Спор между Томпсоном и Андерсоном, оба из которых заявляли себя марксистами, вновь заставляет поставить давний вопрос о марксистской историографии.

Что значит быть историком-марксистом?

Насколько историк-марксист может становиться «ревизионистом», скажем, в отношении материалистической концепции истории, и при этом остаться марксистом? В какой степени нужно принимать марксизм в расчет для понимания и оценки их трудов? Одним словом, в чем состоит их марксизм, каковы степени его релевантности?
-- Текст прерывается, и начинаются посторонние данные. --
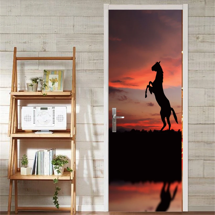 3D Prints Horse Poster PVC Waterproof Entire Door Sticker Creative Stickers Door Wall Sticker DIY M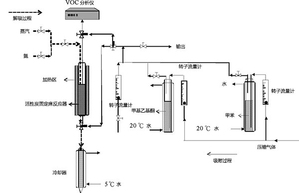 圖1.活性炭連續(xù)交流吸附解吸過程的實(shí)驗(yàn)裝置。

Чтобы ответить на эти вопросы должным образом, нам пришлось бы написать целую книгу. Но на некоторые из этих вопросов, прямо или косвенно, ответили сами истории-марксисты, которые настаивали на том, что их марксизм всегда релевантен, что они не просто историки, а историки-марксисты. Немарксист, считающий, что исторический труд должен оцениваться по его внутренним качествам, а не через сравнение с какой-то внеположной теорией или философией, с этим не согласится! Наиболее суровая критика марксистской историографии исходит от сторонников скрупулезных эмпирических исследований, настаивающих на анализе специфики каждого источника и каждого факта, строгости по отношению к допущениям и осторожности обобщений [65]. Некоторые из этих критиков даже не хотят принимать марксизм в расчет в своих исследованиях, решив, что это не имеет отношения к делу, а только к личным счетам в науке, вроде аргумента ad hominem.

Дж. Хекстер, переиздавая пространную и уничтожающую критику «Изменчивости и непрерывности в Англии XVII века» Хилла, убрал единственную отсылку к марксизму в скобках на том основании, что это «не имеет отношения к делу» и «неблагородно», потому что критика Хилла как историка никак не должна зависеть от того, «какой философии истории придерживается исследователь». Разлитая по книге «философия истории» может считаться просто ошибкой в «раскладке папок», тогда как в каждой папке лежат «правильные» категории и факты: главное, не нужно, чтобы эти папки были свалены вперемешку. Несколькими страницами ниже Хекстер замечает: «Здесь речь должна идти не о каузальной ошибке, не об ошибке в цитате или в понимании, что может случиться с каждым из нас, но о систематической и симптоматической ошибке, которая связана с постоянным смещением взгляда, привыкшего иметь дело с источниками» [66]. Итак, ошибка оказывается систематической и вошедшей в привычку как отражение системы и привычек мысли, иначе говоря, отражение идеологии, а не способа систематизации «папок». Поэтому нет ничего неприличного или нерелевантного в том, чтобы в ходе серьезного анализа книги вспомнить о значении для нее марксизма; тем более что сам автор говорил, что считает «марксистскую концепцию буржуазной революции… наиболее надежной моделью понимания Английской революции» [67].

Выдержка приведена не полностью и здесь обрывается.